Complicating things further, viruses and bacteria that mutate to escape the body’s immune response are harder to control.

Measles, mumps, rubella and chickenpox hardly mutate at all, but at least eight variants of SARS-CoV-2, the virus that causes Covid-19, have been found, according to the British Medical Journal.  

“It does make it more complicated for the vaccine to work,” Dr. Slifka said. “You’re chasing multiple targets over time. Flu also mutates. With flu, we’ve adjusted by making a new flu vaccine each year that as closely as possible matches the new strain of flu.”

The FDA’s Vaccines Advisory Committee meets on the topic of COVID-19 boosters this Friday September 17. The CDC’s Advisory Committee on Immunization Practices has scheduled a complementary meeting for September 29.

The FEHBlog ran across this interesting WebMD article titled “Monoclonal Antibodies vs. Vaccines vs. COVID-19: What to Know.” “‘As hospitalizations go up nationwide, we have a therapy here that can mitigate that,’ says William Fales, MD, medical director of the Michigan Department of Health and Human Services Division of EMS and Trauma. Getting monoclonal antibodies is one of ‘the best things you can do once you’re positive.’” However, the vaccine’s protection against COVID-19 has a much longer duration than this treatment. “There are two authorized uses for monoclonal antibodies: To treat or stop COVID-19’s progression in a high-risk person who tests positive, and to prevent COVID-19 in a high-risk person who’s been exposed.” The treatment is administered while hospitalized or while outpatient at an infusion center.

In RX news, Managed Healthcare Executive reports

The FDA has approved 30 biosimilars and 21 have been launched. But it won’t be till biosimilars for some of the more widely prescribed biologics are on the market before biosimilars really start to have a major impact on American healthcare and its cost, according to a top-ranking executive at OptumRx.

“We’re still a few years away from the point at which the most widely-utilized … products in the U.S. today will be available as biosimilars,” Savitha Vivian, senior vice president of clinical and formulary Services for OptumRx, said in an interview with Managed Healthcare Executive®. “And that’s really what we’re looking for, because that’s going to enable a more sizable and impactful bottom-line savings.”
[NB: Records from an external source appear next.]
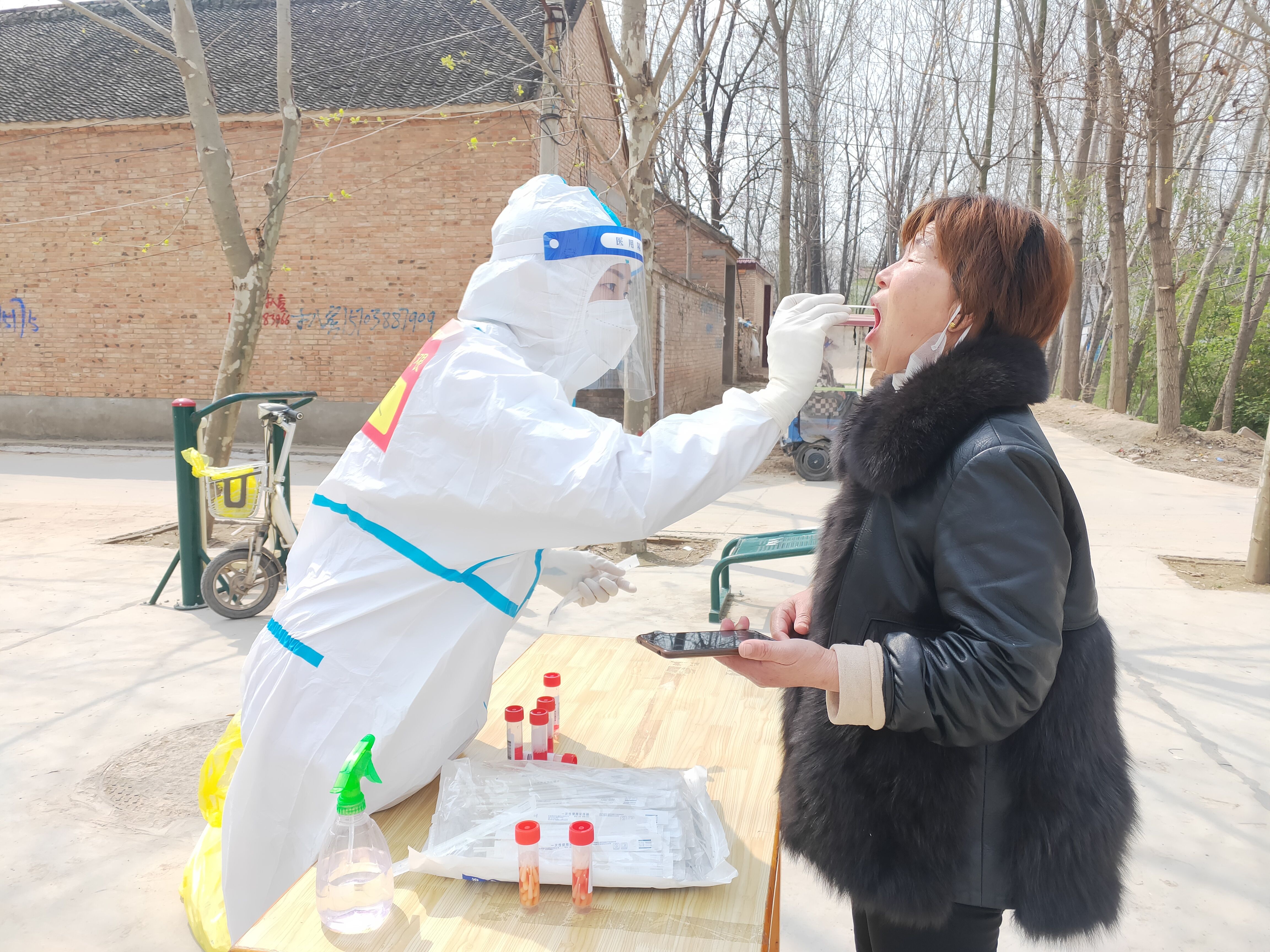 王文文和同事們于當(dāng)日早7點(diǎn)到達(dá)太康廣場(chǎng)進(jìn)行培訓(xùn)。培訓(xùn)結(jié)束后,在對(duì)接人的引領(lǐng)下,王文文帶領(lǐng)分隊(duì)46人前往太康縣張集鎮(zhèn)開展支援工作,主要負(fù)責(zé)張集鎮(zhèn)15個(gè)自然村,每日對(duì)近2萬(wàn)名群眾進(jìn)行核酸采集,他們分為15個(gè)組,一組負(fù)責(zé)一個(gè)采集點(diǎn)。第一天大家都沒(méi)有經(jīng)驗(yàn),工作中,王文文不時(shí)接到其他組隊(duì)員的咨詢電話,王文文詳細(xì)地為他們一一解答,保證工作順利開展。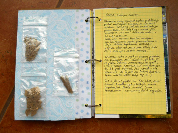 Zaś wczoraj wieczorem zakończyłam w Gromadzienniku etap wklejania suwenirów z Florydy. Teraz trzeba będzie wyciosać jakąś okładkę i wywołać conieco zdjęć, tych najważniejszych, i dorzucić na kilku kartach. Czyżby pierwszy raz w życiu miało mi się udać skompletowanie wycieczkowego albumu?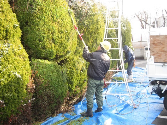 寒い中ではありますが、津山市シルバー人材センターの方々が、敷地内の剪定作業に来られました。

Ms. Vivian expects Humira to hit the bio-similar market in 2023.

“Another significant biosimilar launch that is still two to three years away from one for Novo Nordisk’s insulin aspart injection (Novolog), a “highly utilized medication, especially in the outpatient setting,” noted Vivian.Biosimilars for Genentech’s Actemra (tocilizumab), a medication for rheumatoid arthritis and other forms of arthritis, and Stelara (ustekinumab), Janssen’s immunosuppressive drug for plaque psoriasis and psoriatic arthritis, are also two or three years away.”

Patient and provider comfort with biosimilars is still a “critical barrier” to the adoption of biosimilars, she said.

Switching therapies in patients who are stable on the biosimilar’s reference product to the biosimilar is not typically recommended, according to Vivian. “So from a clinical perspective, we need to be cautious in implementing strategies that force these types of switching.”Instead, she said, “what we really need is data showing that there’s really no additional risk from switching therapies in these hard-to-treat or hard-to-control chronic diseases. That’s going to really increase the confidence for prescribers to start using biosimilars in … those stable patients.”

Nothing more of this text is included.